Dr. McCullough advocates for widespread implementation of effective outpatient treatment for high-risk patients that can be given during the two weeks or so most patients are symptomatic before they eventually become too sick and have to go to the hospital.

In May 2020, based on the available scientific literature and early clinical experience, Dr. McCullough and over 20 U.S. and international physicians and scientists defined the pathophysiologic rationale for early outpatient treatment.

The approach, first published in August 2020 in the American Journal of Medicine, addresses the three main disease processes in COVID-19:  viral replication, cytokine storm, and thrombosis.

In December 2020, with 56 physician and scientist coauthors who have themselves treated many thousands (more likely tens of thousands but they’re too busy to stop and count), Dr. McCullough and his colleagues published the treatment protocol referred to as “sequential multidrug therapy” that has been successful with their own patients and in published studies.

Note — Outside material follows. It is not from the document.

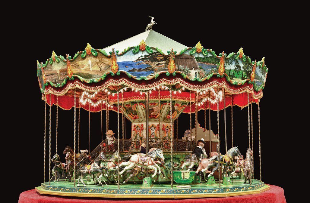 Limonaire Karussell. Fantastisches Französisches Pferdekarussell. Mit Pferden, Kutschen und Orgel. Elektromechanischer Antrieb mit Kassettengerät, Orgelmusik und wunderschöner Beleuchtung. Nur sehr wenige gebaut. Museumsqualität. Ø124 x 195cm mit Sockel. Eduard Léguery, France, circa 1980.

He also added a potential fifth pillar: prophylaxis.

In March 2021, Brian C. Procter MD and five coauthors published an observational study of 320 high-risk patients he treated in McKinney, Texas using the multidrug approach: 

“… our early ambulatory treatment regimen was associated with estimated 87.6% and 74.9% reductions in hospitalizations and deaths respectively.”

In April 2021, a team of researchers at the University of Oxford published a randomized controlled trial demonstrating a 91% reduction in urgent care visits, including emergency room evaluations and hospital admissions, when COVID-19 patients received inhaled budesonide compared to usual care.

Budesonide, which doctors prescribe routinely for asthma and other pulmonary inflammatory conditions, is one of the treatments Dr. McCullough and his colleagues include in their multidrug approach. In the Oxford budesonide study, outpatient treatment was begun, on average, three days after the first onset of symptoms.

On the basis of such evidence and reports from their colleagues, more doctors are starting to provide outpatient treatment for early COVID. But most doctors still do not.

The early home care pillar of COVID response is still missing for the vast majority of patients, dooming large numbers of people to unnecessarily severe illness, serious complications, hospitalization, and death.

In an effort to make early home treatment widely available, there is a movement toward COVID-expert doctors providing care through telemedicine. At the time of this writing, the American Association of Physicians and Surgeons lists four national telemedicine outlets, 15 regional telemedicine outlets and more than 250 physicians who provide expert outpatient, early treatment for COVID patients, including prescriptions for the needed medications, which can be called directly to patients’ local pharmacies in many cases.